The armed rebellion metaphor which Matt Bai discussed is part of the US right’s structure of feeling. The marxist writer Raymond Williams wrote about what he called a “structure of feeling” made through a combination of people’s conscious efforts and unconscious activity. Williams used this concept to analyze common qualities in the everyday experiences of life in specific places and times. A structure of feeling is a set of outlooks, perceptions, and common impulses that people share. Structures of feeling tend to differ across different generations and groups of people. They are intimately bound up with the value system and world-view of a group and are often have as some of their core components imagery, metaphor, style, and narrative.

The common use of armed rebellion metaphors among the political right in the US is an example of how use of metaphors helps give shape to and express a structure of feeling. The right is not so much a single group as it is a space where different groups and individuals encounter each other. The right’s structure of feeling is part of the architecture of the space in which rightwing groups and individuals encounter each other. The armed rebellion metaphor is a retaining wall in that architecture. Many people on the right differ with each other. Metaphors like that of armed rebellion help them to have a common vocabulary with which to identify common values they share and with which to spread those values. The invocation of images from the U.S. war of independence is particularly important in how many in the right paint themselves. The right’s metaphors also help bring in new people who connect with the right’s structure of feeling. Their structure of feeling is dynamic, though, with tensions in it.

The imagery is not in anyone’s control. The imagery is a sort of vehicle that people are vying for control over. Most political terms are like this, and imagery is even more so. To illustrate my point about political terms, I’ll use some debates I recently read about the term “democratic centralism.”

In a 1920 article, Lenin wrote about what he called “the democratic centralism” of some of his opponents, “Comrades Sapronov, Maximovsky and Osinsky.” Unlike his own version of democratic centralism, he said that theirs “is muddled! Such things cannot be tolerated. Such things drag us back theoretically.” He lists as an example “They say that democratic centralism consists not only in the All-Russia Central Executive Committee ruling; but in the All-Russia Central Executive Committee ruling through the local organisations.” In another article he talked about a document signed by a group calling themselves “A group of comrades standing for democratic centralism.” He called this article “not so much historical as hysterical,” “confusion and disintegration,” and “syndicalism.”

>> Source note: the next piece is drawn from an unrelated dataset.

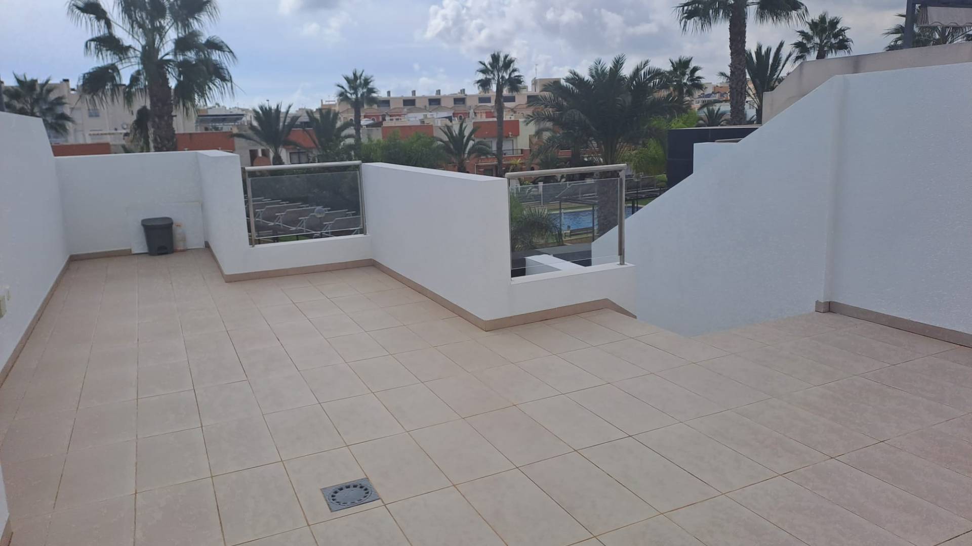 A modern townhouse for sale with a built area of 197 m². The duplex offers three bedrooms, three bathrooms, and an open-plan kitchen combined with the living room. The kitchen has access to a private patio, while from the living room there is a staircase leading down to the basement level, where the garage is located. A rooftop solarium is situated on the roof, and there is an additional terrace at the entrance to the house.The residential complex features two swimming pools (a standard pool and a heated pool).The distance to the sea is 3 km.Online reservation is available, as well as mortgage financing from the bank at an annual interest rate of 4–6%.

The historical specifics are not important for my purposes here. The point is that the group Lenin opposed called themselves democratic centralists who were standing up for democratic centralism. Lenin also believed in what he understood to be democratic centralism. This was one of those arguments that people on the left are probably all familiar with. “You’re not *really* a democratic centralist, you just call yourself one! I know what real democratic centralism is, it’s my version of democratic centralism.” Kind of like “you’re not *really* an anarchist, even though you use that term to talk about yourself.” These kinds of arguments happen in part because political terms are fields of ideological conflict between interested actors.

The vision and values and the core terms of the American right are also fields of ideological conflict. The right is a meeting place between people with different perspectives and goals. Among the ways to sort the people meeting there, we can put them into two basic types. There are people with right ideas that are still considered somewhat within bounds of the political mainstream in the United States – such as, deport all undocumented immigrants – and people with right ideas that are currently out of bounds within the political mainstream in the United States – such as, execute any woman who has an abortion.

I suspect that there are at least two types of struggles going on in the right. One is a battle of ideas, about what people ought to do and what views they should hold. Another is a battle of culture, over the border of the mainstream. That is, there is a struggle to redefine the line between very right but within bounds and very right and out of bounds. The patriotic color that the right gives itself is an important piece of this over legitimacy struggle; it matters that the images invoked come from a history of the United States that is currently acceptable in the American mainstream. These are also images of people pushed too far, provoked into action. (I would like to strongly recommend a work of historical fiction, Manituana, by Wu Ming. The novel depicts the true story of early American appropriation of Indian lands during the war with Britain over American political independence.)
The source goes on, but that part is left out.